* [What you have to do]: Give the whole listing below once more, exactly, without pictures.

* [Collected material]:
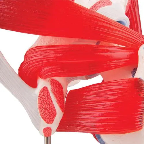 Ce modèle illustre l'articulation coxofémorale droite chez un homme ; divers muscles y sont visibles ainsi que les zones d'insertion musculaire distale et proximale du fémur et de l'os iliaque. A des fins didactiques, les surfaces musculaires des zones distales et proximales sont mises en surélévation et colorées différemment (insertion distale = rouge ; insertion proximale = bleu). Les divers muscles de la hanche sont disposés sur les surfaces respectives de leurs insertions distales et proximales, ce qui permettra de les retirer.
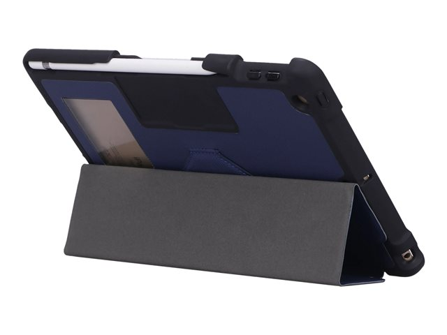 - Cover easily folds into stand without blocking camera
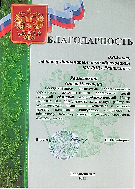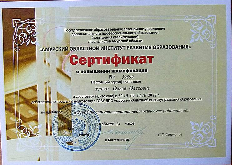 С 12.10.2011 по 14.10.2011 прошла подготовку в ГОАУ ДПО Амурский областной институт образования по теме: "Особенности...

* [Result for this task]:
 Ce modèle illustre l'articulation coxofémorale droite chez un homme ; divers muscles y sont visibles ainsi que les zones d'insertion musculaire distale et proximale du fémur et de l'os iliaque. A des fins didactiques, les surfaces musculaires des zones distales et proximales sont mises en surélévation et colorées différemment (insertion distale = rouge ; insertion proximale = bleu). Les divers muscles de la hanche sont disposés sur les surfaces respectives de leurs insertions distales et proximales, ce qui permettra de les retirer.
 - Cover easily folds into stand without blocking camera
 С 12.10.2011 по 14.10.2011 прошла подготовку в ГОАУ ДПО Амурский областной институт образования по теме: "Особенности...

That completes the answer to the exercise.